Bristol-Myers Squibb, Princeton, New Jersey 08543, USA.
Clin Cancer Res. 2013 Mar 15;19(6):1587-95. doi: 10.1158/1078-0432.CCR-12-1359. Epub 2013 Jan 22.
Predictive biomarkers offer the potential to improve the benefit:risk ratio of a therapeutic agent. Ixabepilone achieves comparable pathologic complete response (pCR) rates to other active drugs in the neoadjuvant setting. This phase II trial was designed to investigate potential biomarkers that differentiate response to this agent.

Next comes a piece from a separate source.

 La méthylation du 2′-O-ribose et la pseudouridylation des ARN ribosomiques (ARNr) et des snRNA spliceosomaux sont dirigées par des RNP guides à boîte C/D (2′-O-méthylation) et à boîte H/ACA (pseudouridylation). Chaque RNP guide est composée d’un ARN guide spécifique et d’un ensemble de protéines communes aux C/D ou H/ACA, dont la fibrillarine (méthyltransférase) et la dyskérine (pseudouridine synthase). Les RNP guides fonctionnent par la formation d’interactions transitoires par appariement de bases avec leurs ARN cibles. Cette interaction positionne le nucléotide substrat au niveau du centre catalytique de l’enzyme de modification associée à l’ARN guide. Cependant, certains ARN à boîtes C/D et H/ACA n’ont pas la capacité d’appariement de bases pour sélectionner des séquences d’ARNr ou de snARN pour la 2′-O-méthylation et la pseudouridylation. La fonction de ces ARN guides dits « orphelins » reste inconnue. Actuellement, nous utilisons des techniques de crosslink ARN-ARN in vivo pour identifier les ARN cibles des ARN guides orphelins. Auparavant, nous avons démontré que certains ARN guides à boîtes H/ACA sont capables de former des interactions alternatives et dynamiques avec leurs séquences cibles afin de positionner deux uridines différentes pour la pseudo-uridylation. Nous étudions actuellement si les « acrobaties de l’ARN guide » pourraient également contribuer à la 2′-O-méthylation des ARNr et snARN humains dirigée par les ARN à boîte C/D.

Women with untreated, histologically confirmed primary invasive breast adenocarcinoma received neoadjuvant doxorubicin/cyclophosphamide, followed by 1:1 randomization to ixabepilone (n = 148) or paclitaxel (n = 147). Rates of pCR were compared between treatment arms based on predefined biomarker sets: TUBB3, TACC3, and CAPG gene expression, a 20- and 26-gene expression model, MDR1 protein expression, and other potential markers of sensitivity. βIII-tubulin protein expression is reported separately but is referred to here for completeness. All patients underwent a core needle biopsy of the primary cancer for molecular marker analysis before chemotherapy. Gene expression profiling data were used for molecular subtyping.

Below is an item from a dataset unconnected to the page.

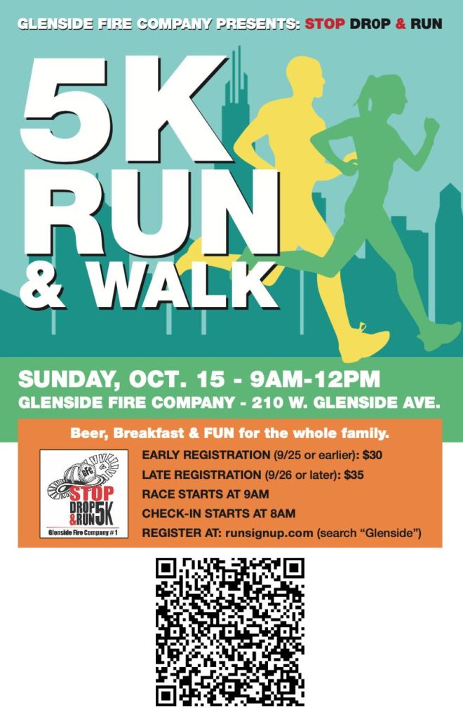 The Glenside Fire Company’s annual Stop, Drop & Run 5K will take place on Sunday, October 15 from 9:00am to 12:00pm and will begin at 210 W. Glenside Avenue.

There was no significant difference in the rate of pCR in both treatment arms in βIII-tubulin-positive patients. Higher pCR rates were observed among βIII-tubulin-positive patients than in βIII-tubulin-negative patients. Furthermore, no correlation was evident between TUBB3, TACC3, and CAPG gene expression, MDR1 protein expression, multi-gene expression models, and the efficacy of ixabepilone or paclitaxel, even within the estrogen receptor-negative subset.
These results indicate that βIII-tubulin protein and mRNA expression, MDR1 protein expression, TACC3 and CAPG gene expression, and multigene expression models (20- and 26-gene) are not predictive markers for differentiating treatment benefit between ixabepilone and paclitaxel in early-stage breast cancer.
预测性生物标志物有可能改善治疗药物的获益-风险比。伊沙匹隆在新辅助治疗环境中达到与其他活性药物相当的病理完全缓解(pCR)率。这项 II 期试验旨在研究潜在的生物标志物,以区分对该药物的反应。
未经治疗的组织学证实的原发性浸润性乳腺腺癌女性患者接受新辅助多柔比星/环磷酰胺治疗,然后按 1:1 随机分配至伊沙匹隆(n=148)或紫杉醇(n=147)组。根据预先确定的生物标志物集比较治疗臂之间的 pCR 率:TUBB3、TACC3 和 CAPG 基因表达、20 基因和 26 基因表达模型、MDR1 蛋白表达和其他潜在的敏感性标志物。βIII-微管蛋白蛋白表达单独报道,但为了完整性在此处引用。所有患者在化疗前均接受原发性癌症的核心针活检以进行分子标志物分析。基因表达谱数据用于分子亚型分析。
在βIII-微管蛋白阳性患者中,两种治疗方法的 pCR 率没有显著差异。在βIII-微管蛋白阳性患者中观察到较高的 pCR 率,而在βIII-微管蛋白阴性患者中则较低。此外,TUBB3、TACC3 和 CAPG 基因表达、MDR1 蛋白表达、多基因表达模型与伊沙匹隆或紫杉醇的疗效之间即使在雌激素受体阴性亚组中也没有明显相关性。
这些结果表明,βIII-微管蛋白蛋白和 mRNA 表达、MDR1 蛋白表达、TACC3 和 CAPG 基因表达以及多基因表达模型(20 基因和 26 基因)不能预测伊沙匹隆和紫杉醇在早期乳腺癌中的治疗获益差异。